GREEN DOT "MONEYPAK" DEBIT CARD SCAMS
Several residents have reported receiving phone calls related to a Green Dot “Moneypak” reloadable debit card. This scam is closely related to common scams using untraceable Western Union and MoneyGram wire transfers. The calls state they have won several thousand dollars in a lottery or sweepstakes, owe the IRS back taxes or have a close friend or family member in need of emergency money (bail or car repair usually). The victims are told by the scammers to purchase a Green Dot card and load it with a specified amount of money, ranging from $100 to $1,000. The debit cards are available at Walmart, Walgreens, CVS Pharmacy and thousands of other stores. Once the victims have done so, they are told by the scammers to call them back or email them.
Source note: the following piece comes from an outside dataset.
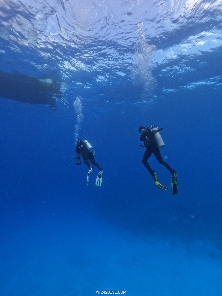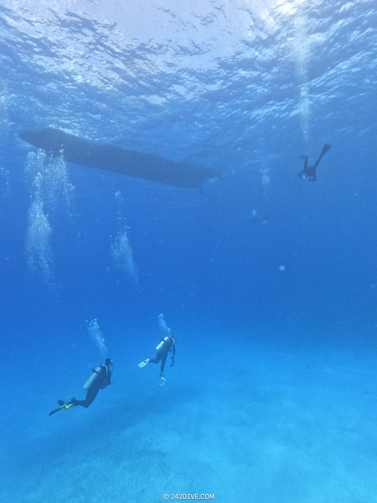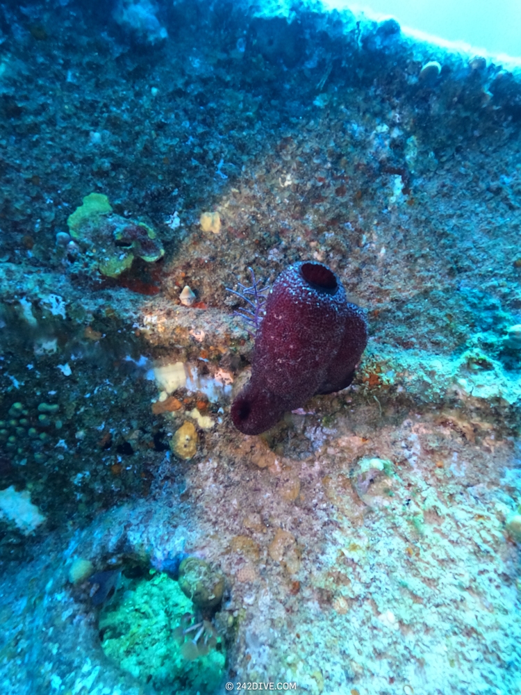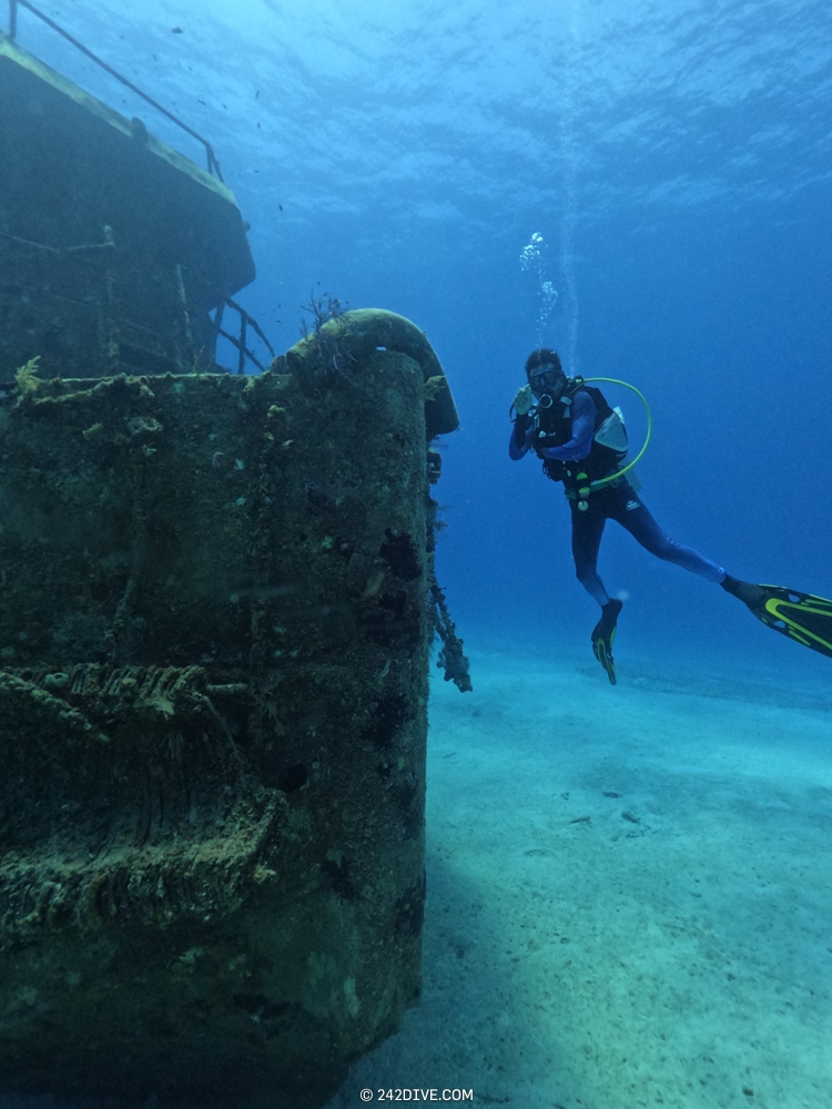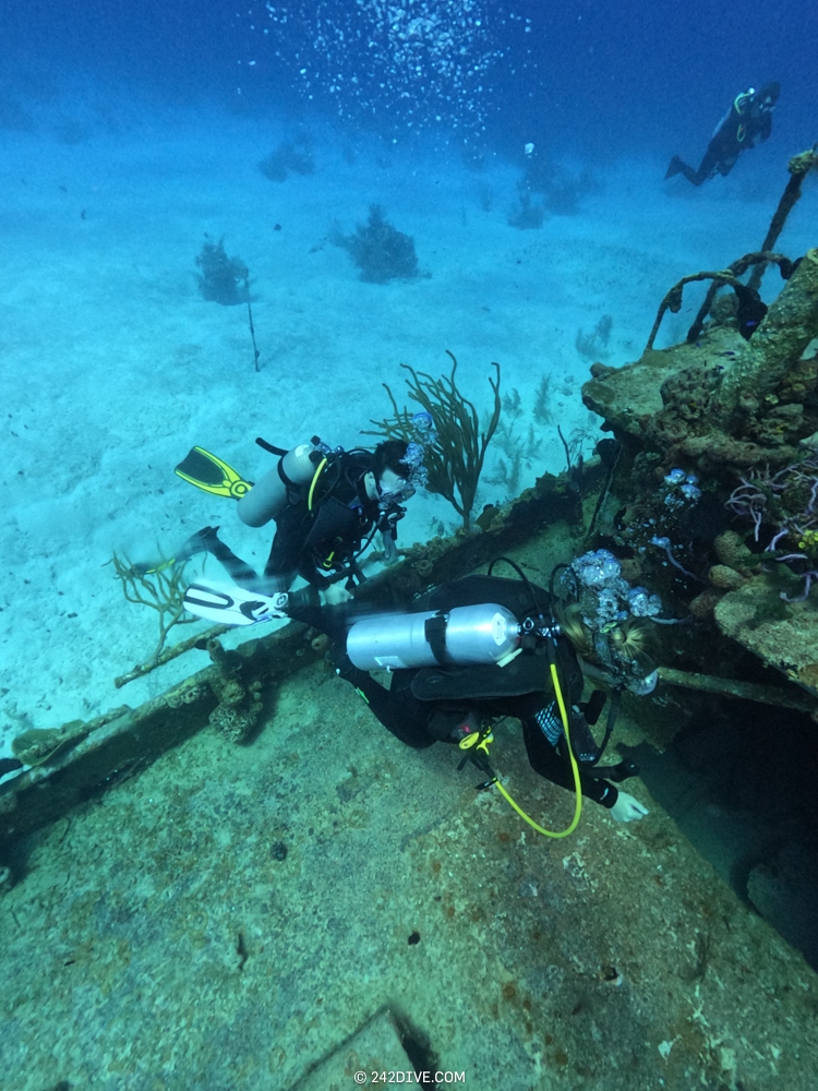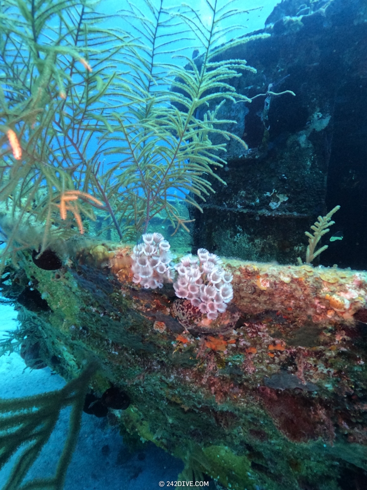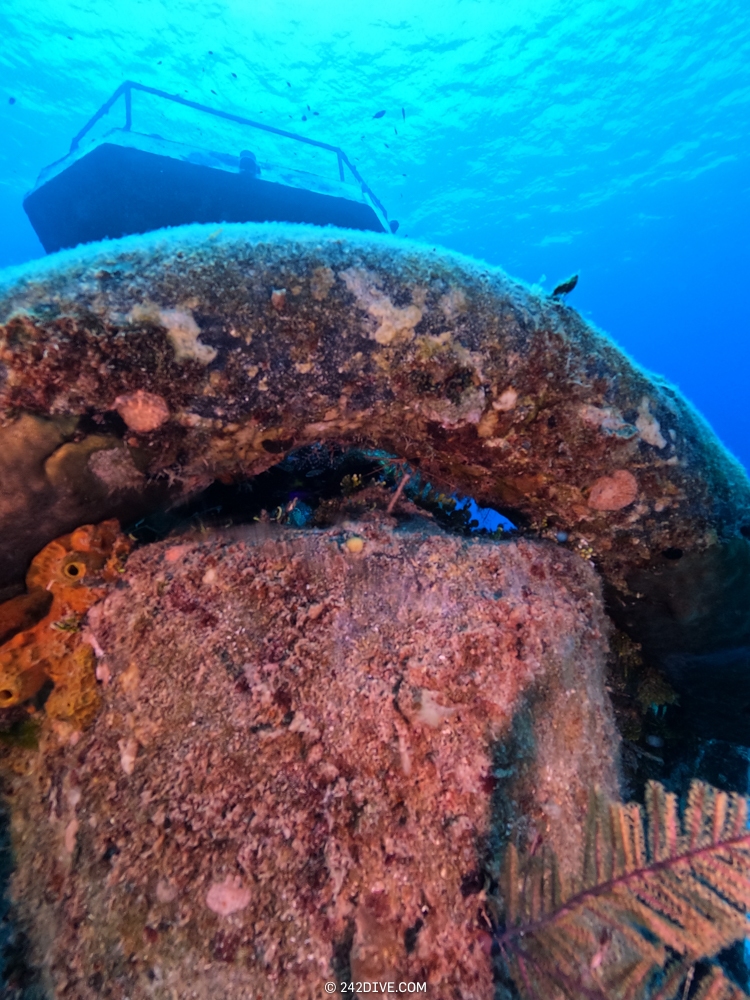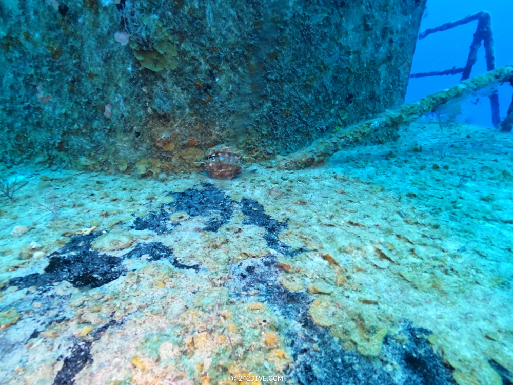 | Well a deffo interesting start to our second dive. I had a tank valve o-ring blow when I was changing over from the first dive. Rene was ready and quickly fixed that. So just as I am about to jump in (all geared up with the Guardian) it blows again. Thanks to Daniel’s quick reactions – he was able to shut the valve before I got a chance to sit back down. He saved the day and I was still able to use the tank. 2500psi was ample, although even with my best SAC to-date I still got to see the Shearwater’s “You are now in RESERVE air” warning! If you look the GPS location of Mike’s Reef, you will see that it is actually close to three other wrecks, The reef runs behind them all. Anyway, hope you like the pics! |

When the victim contacts the scammer, they are asked to give the card number, which allows the scammer to get the money from the card. The transaction is untraceable and the funds have no chance of being returned.
Avoid MoneyPak scams
The Better Business Bureau recommends the following to avoid MoneyPak scams:
Ø Be wary of websites or Craigslist advertisements linking to websites where customers are asked to pay with a MoneyPak card.
Ø Never give your MoneyPak numbers to someone you don’t know.
Ø Keep in mind advance fee loan offers are not legitimate and are targeted at customers and companies who are struggling with debt and poor credit, often making bad situations worse.
Ø Remember that if you’re told you have pay to a fee — via MoneyPak or wire transfer — to collect a cash prize or sweepstakes winnings, you haven’t won anything.
Ø Avoid offers that do not accept credit card payments and ask you to purchase a MoneyPak and then provide the MoneyPak number in an email or over the phone.
Ø Beware of websites requesting MoneyPak as a form of payment, even if they display the MoneyPak or Green Dot logo. Consumers should check www.moneypak.com for a list of approved MoneyPak partners.
Ø Treat your MoneyPak cards like cash -- remember that transactions cannot be reversed.
Ø Protect yourself from being a victim -- everyone, regardless of age, sex, education level, financial situation or where they live, is a potential victim.
Ø Don’t be afraid to hang up — it’s OK to be rude.
Ø Seniors may be targeted more because they are perceived by scam artists to have more free time and tend to be alone more.
Ø Educate yourself and talk to others. These are the most effective ways to prevent scams.
Ø Don’t be afraid to ask a neighbor, family member, friend, banker or trusted advisor if you have doubts about an offer or business.
Ø Call law enforcement immediately if you think you have been victimized.
Ø Never accept the help of someone who calls you and offers to help recover the losses in a scam “for a small fee.” Odds are, it’s the same scam artist coming back for more.
There will never be a way to eliminate scam artists completely. They are constantly changing their methods to keep from getting caught so arm yourself with knowledge.